_Assignment_
A letter-for-letter copy of the listing is required, with no pictures in it.

Records shown section start

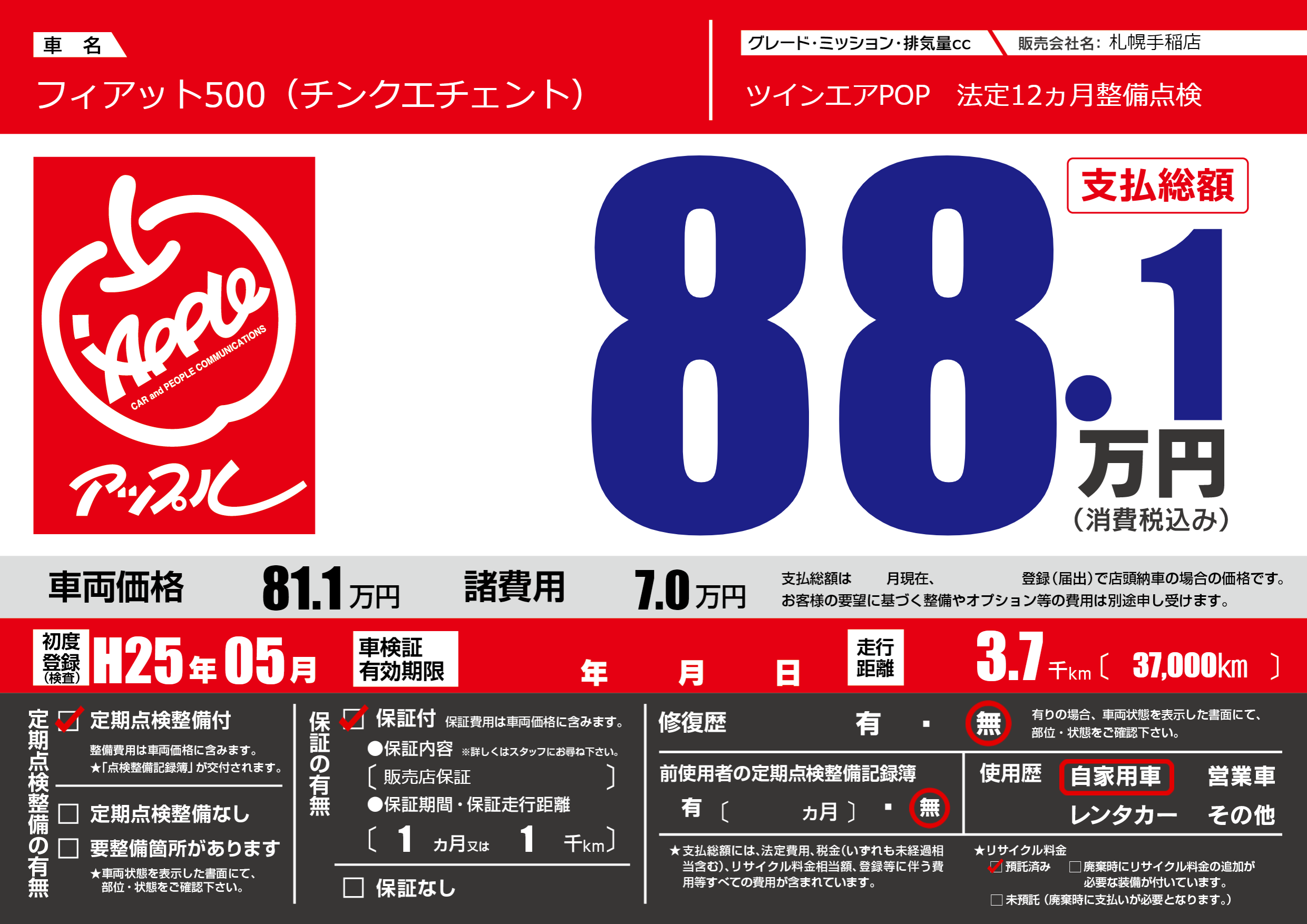 | 車名 | フィアット500(チンクエチェント) | グレード ミッション 排気量 |
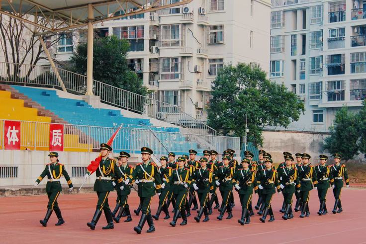 伴随着激昂的《义勇军进行曲》,校国旗护卫队护送国旗入场,全场肃立行注目礼、齐唱国歌,国旗冉冉升起,爱国之情在操场激荡。
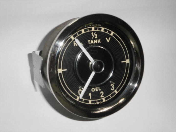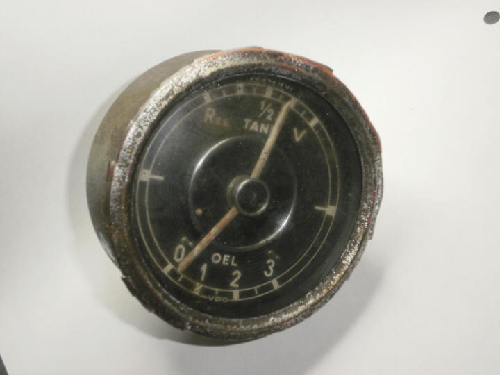 The combined fuel & oil pressure instrumet. The fuel gauge is purely mechanical, consisting of only one input shaft that is connected directly to the pointer through an arm and twisted about 0-90°, depending on the sensor in the tank. Although the instrument looked poor and worn out, it worked perfectly. It only needed to be cleaned, lubrication and some new paint.
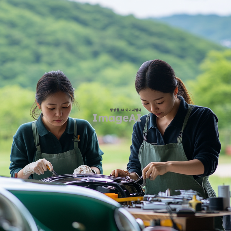 포르쉐를 조립하고 있는 한국인 여성 예은과 아라, 두 사람은 집중하며 작업 중이고, 뒷배경은 푸른 들판으로 펼쳐져 있다. 햇살이 비추는 밝은 날씨, 예은은 정교한 도구를 사용하고 있으며, 아라는 부품을 정리하고 있는 모습. 두 사람의 표정은 열정적이고 협력적인 분위기.
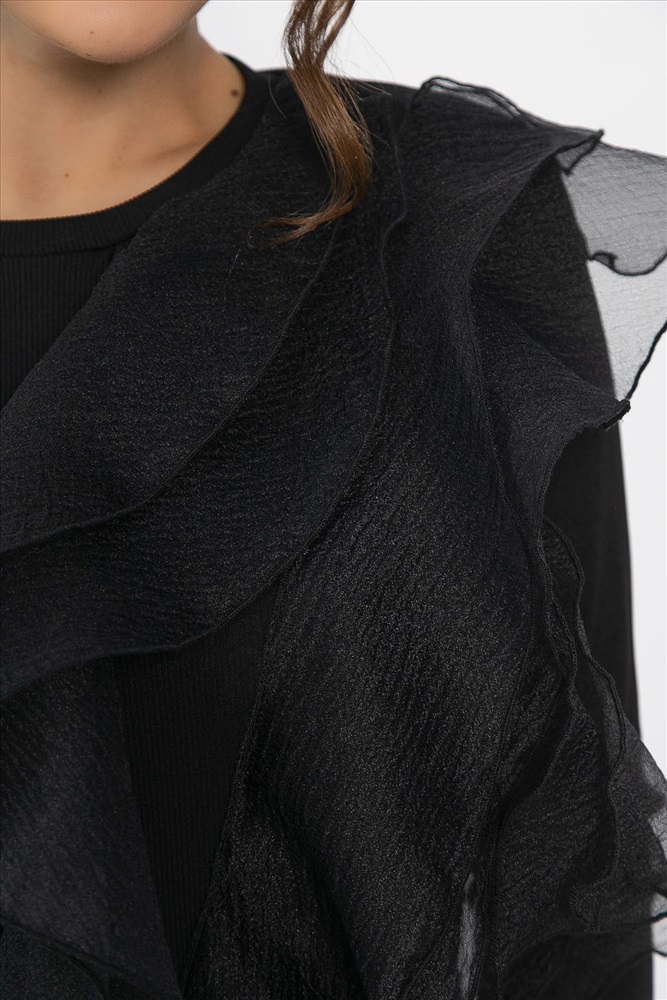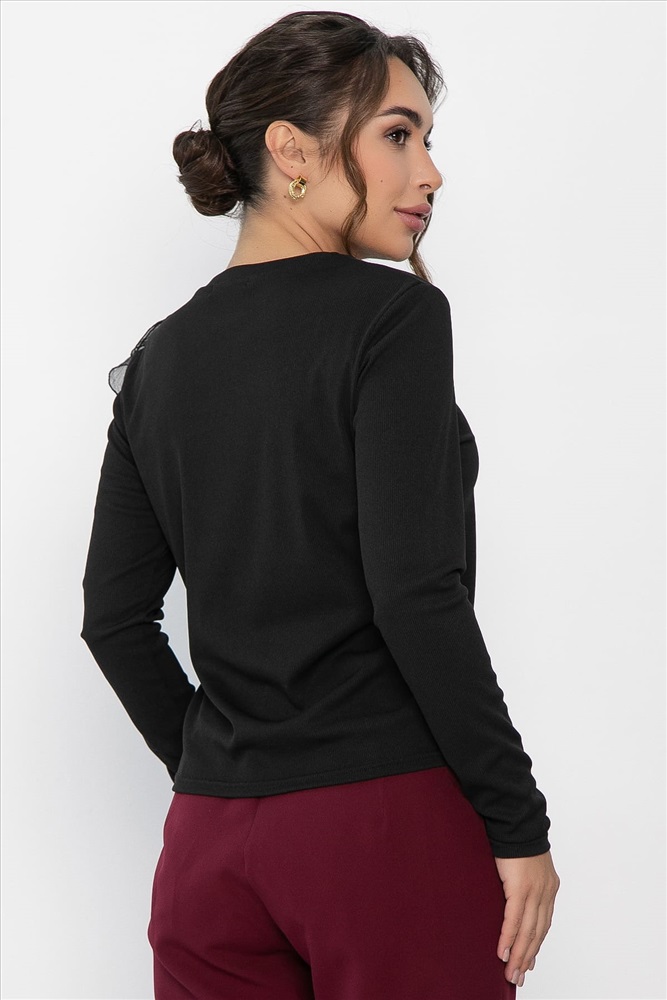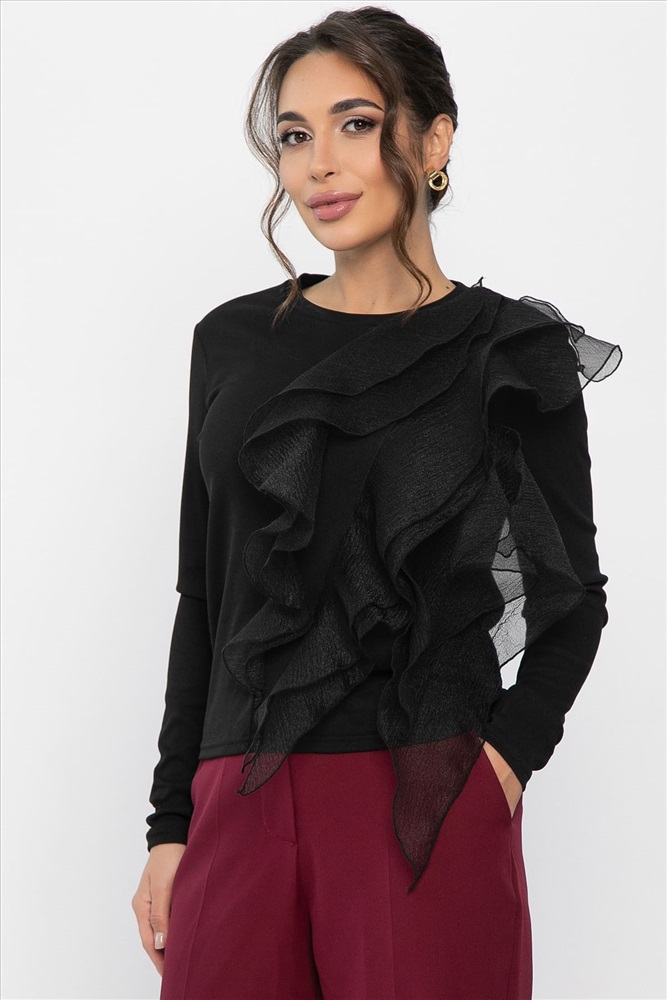Блуза из трикотажного материала «Лапша» с воланами из органзы и длинными рукавами — это прекрасное дополнение к вашему гардеробу! Она станет ярким акцентом как для особых случаев, так и для повседневных выходов. Воланы придают образу лёгкость и романтичность. С этой блузой вы сможете создать стильный и запоминающийся образ!
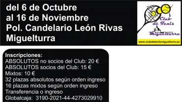 Del 6 de octubre al 16 de noviembre. Organizado por el Club de Tenis de Miguelturra en colaboración con el área de Deportes del Ayuntamiento. Inscripciones abiertas hasta fin de septiembre.
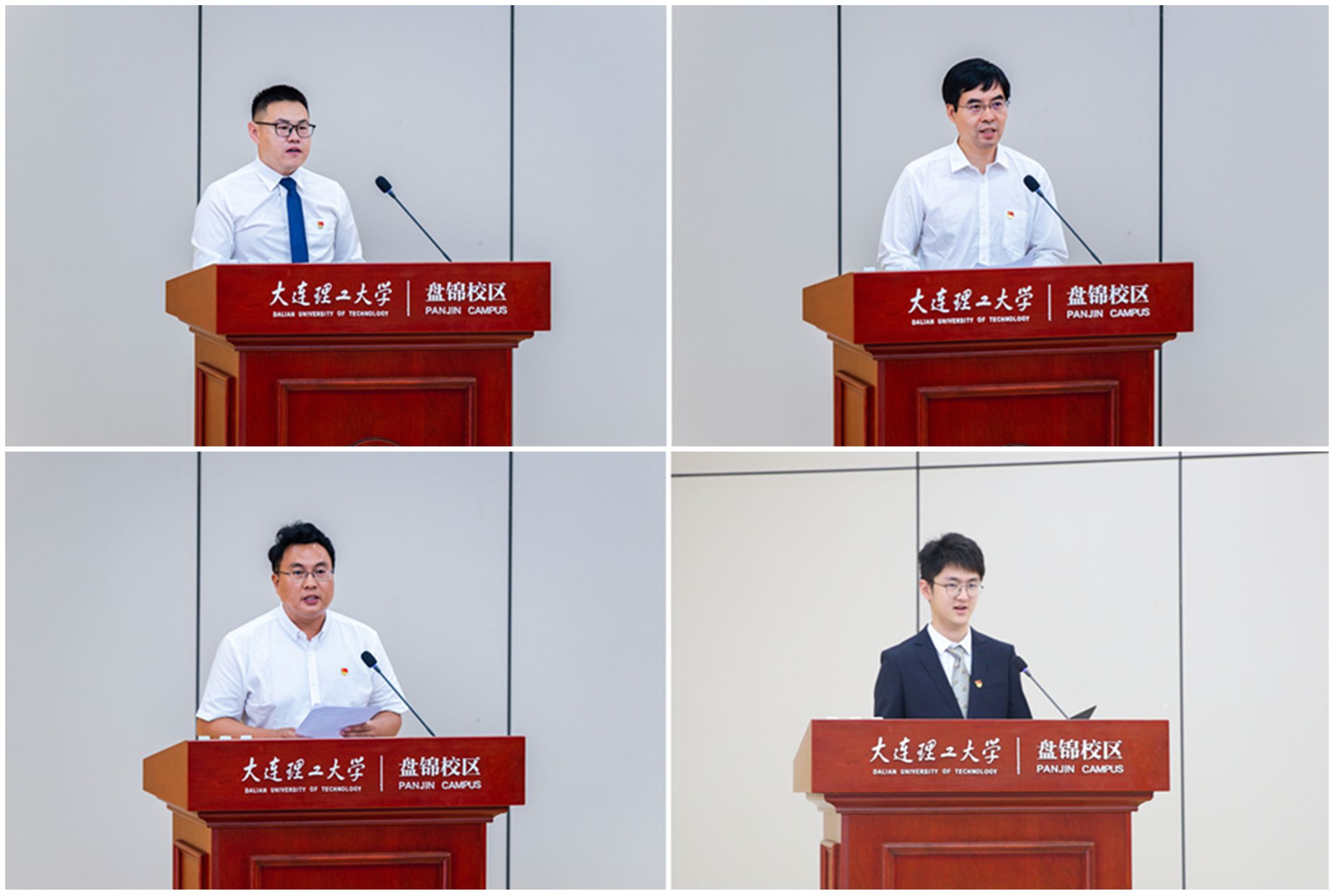 会上,优秀教师党员代表化工海洋与生命学院王振宇、优秀党务工作者代表商学院王常有、先进基层党组织代表公共基础学院数理与计算机教工党支部邹广宇、新发展预备党员代表莱斯特国际学院2022级本科生宋鼎耀先后作交流发言。

Records shown section end

_Expected answer_
 | 車名 | フィアット500(チンクエチェント) | グレード ミッション 排気量 |
 伴随着激昂的《义勇军进行曲》,校国旗护卫队护送国旗入场,全场肃立行注目礼、齐唱国歌,国旗冉冉升起,爱国之情在操场激荡。
 The combined fuel & oil pressure instrumet. The fuel gauge is purely mechanical, consisting of only one input shaft that is connected directly to the pointer through an arm and twisted about 0-90°, depending on the sensor in the tank. Although the instrument looked poor and worn out, it worked perfectly. It only needed to be cleaned, lubrication and some new paint.
 포르쉐를 조립하고 있는 한국인 여성 예은과 아라, 두 사람은 집중하며 작업 중이고, 뒷배경은 푸른 들판으로 펼쳐져 있다. 햇살이 비추는 밝은 날씨, 예은은 정교한 도구를 사용하고 있으며, 아라는 부품을 정리하고 있는 모습. 두 사람의 표정은 열정적이고 협력적인 분위기.
Блуза из трикотажного материала «Лапша» с воланами из органзы и длинными рукавами — это прекрасное дополнение к вашему гардеробу! Она станет ярким акцентом как для особых случаев, так и для повседневных выходов. Воланы придают образу лёгкость и романтичность. С этой блузой вы сможете создать стильный и запоминающийся образ!
 Del 6 de octubre al 16 de noviembre. Organizado por el Club de Tenis de Miguelturra en colaboración con el área de Deportes del Ayuntamiento. Inscripciones abiertas hasta fin de septiembre.
 会上,优秀教师党员代表化工海洋与生命学院王振宇、优秀党务工作者代表商学院王常有、先进基层党组织代表公共基础学院数理与计算机教工党支部邹广宇、新发展预备党员代表莱斯特国际学院2022级本科生宋鼎耀先后作交流发言。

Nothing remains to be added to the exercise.